John Grisham is the author of numerous #1 bestsellers, which have been translated into nearly fifty languages. His recent books include The Boys from Biloxi, The Judge’s List, Sooley, and his third Jake Brigance novel, A Time for Mercy, which is being developed by HBO as a limited series.
Grisham is a two-time winner of the Harper Lee Prize for Legal Fiction and was honored with the Library of Congress Creative Achievement Award for Fiction.
When he’s not writing, Grisham serves on the board of directors of the Innocence Project and of Centurion Ministries, two national organizations dedicated to exonerating those who have been wrongfully convicted. Much of his fiction explores deep-seated problems in our criminal justice system.
Grisham lives on a farm in central Virginia.
Excerpt. © Reprinted by permission. All rights reserved.
Chapter One
The Passage
1.
None of the fifty or so guests wore shoes. The invitation specifically ruled them out. It was, after all, a beach wedding, and Mercer Mann, the bride, wanted sand between the toes. The suggested attire was beach chic, which may have had one meaning in Palm Beach and another in Malibu, and probably something else in the Hamptons. But on Camino Island it meant anything goes. But no shoes.

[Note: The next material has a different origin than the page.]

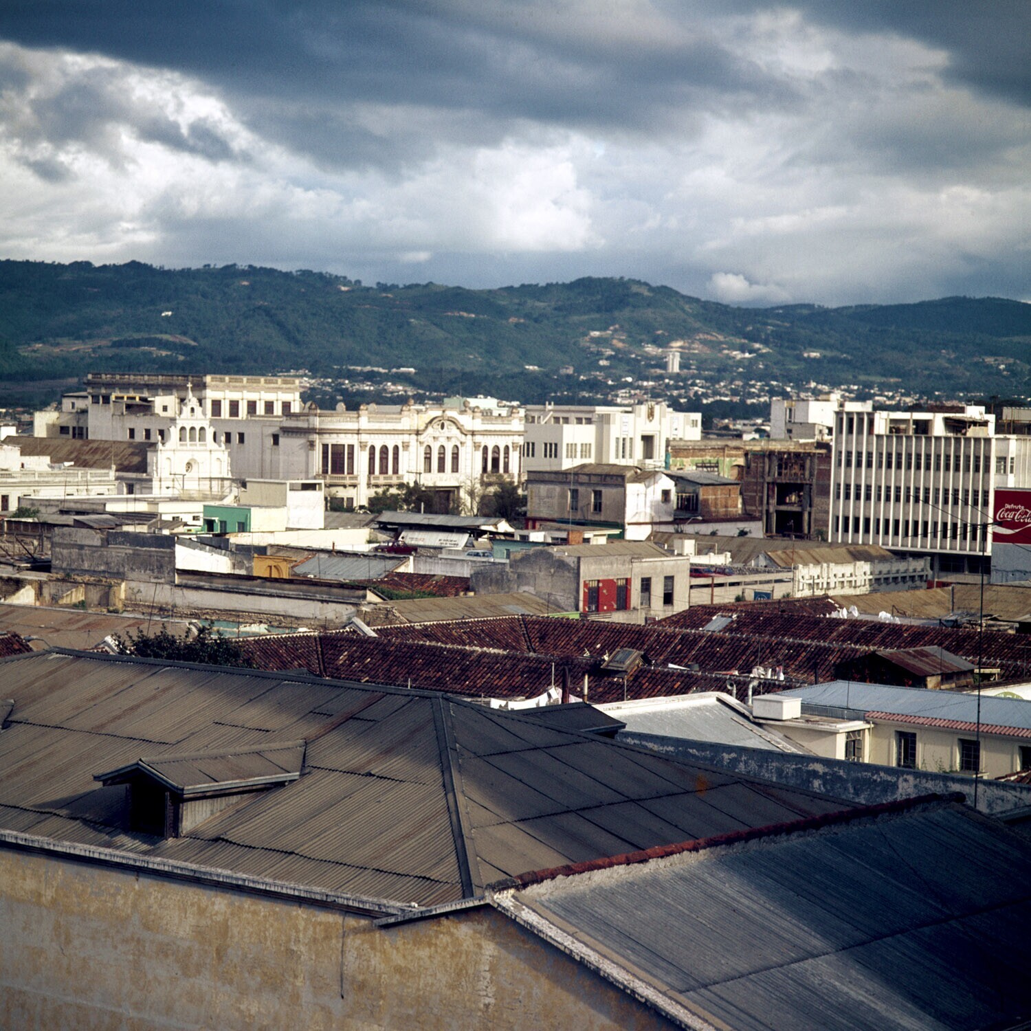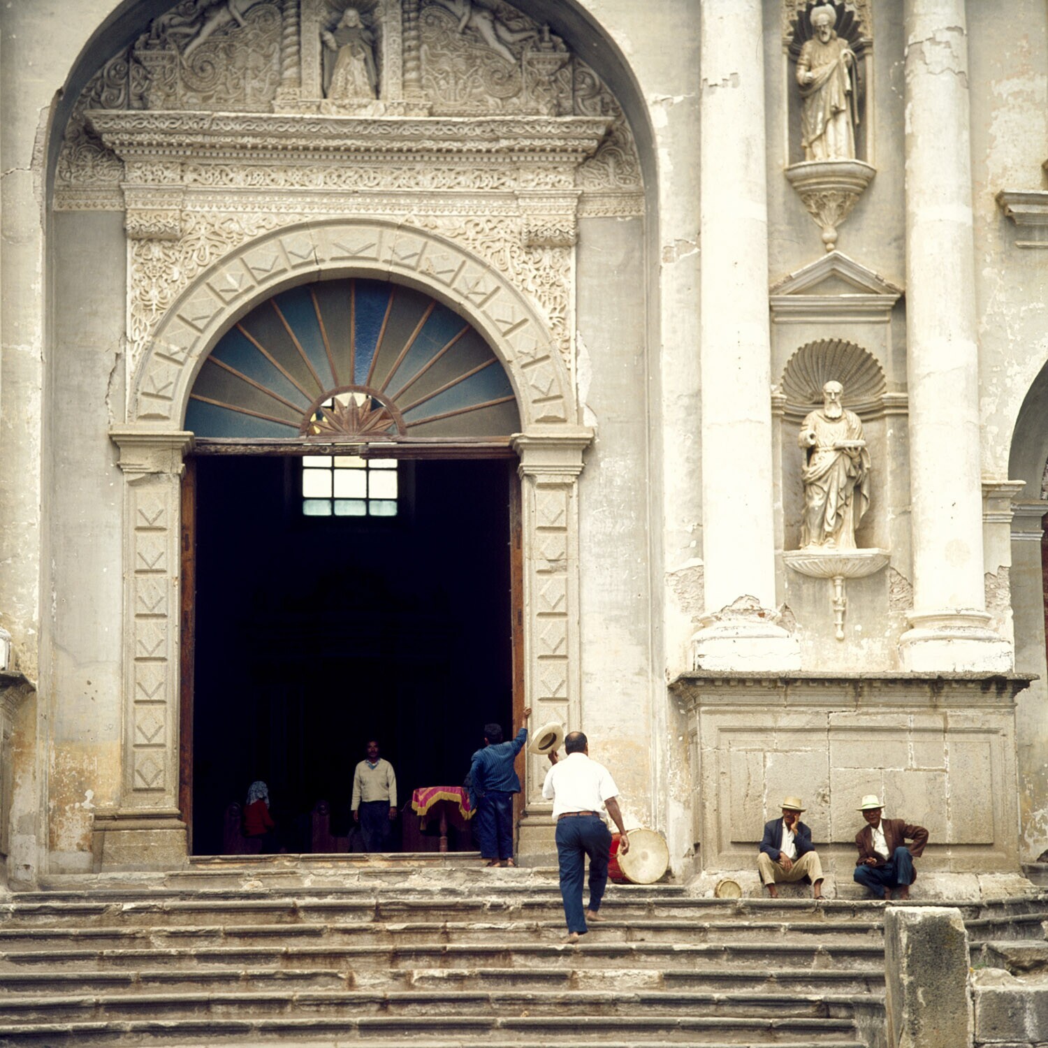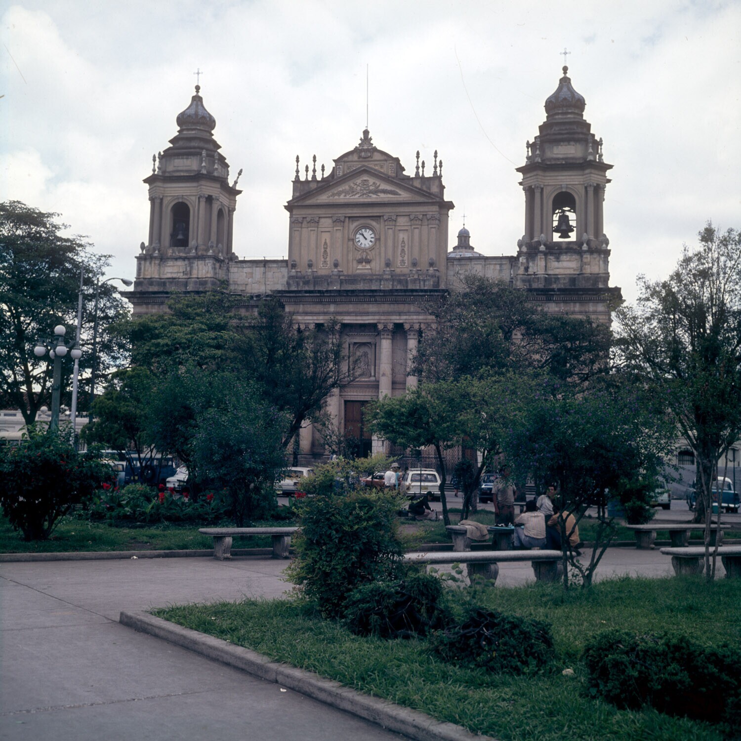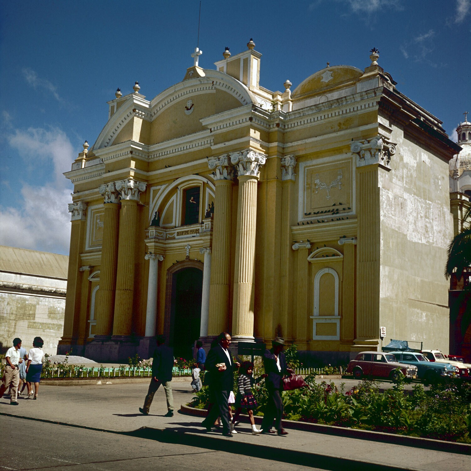 Straatbeeld Antigua, op de achtergrond de vulkaan Agua.

The bride herself wore a low-cut white linen gown with an entirely bare back, and since she had been on the island for the past two weeks she was superbly tanned and toned. Stunning. Thomas, her groom, was just as lean and bronzed. He wore a brand-new powder blue seersucker suit, a starched white dress shirt, no tie. And of course no shoes.
Thomas was just happy to be included. He and Mercer had been together for three years, sharing an apartment for the past two, and when Mercer finally got tired of waiting for a proposal she had asked him, three months earlier, “What are you doing on Saturday, June sixth, at seven p.m.?”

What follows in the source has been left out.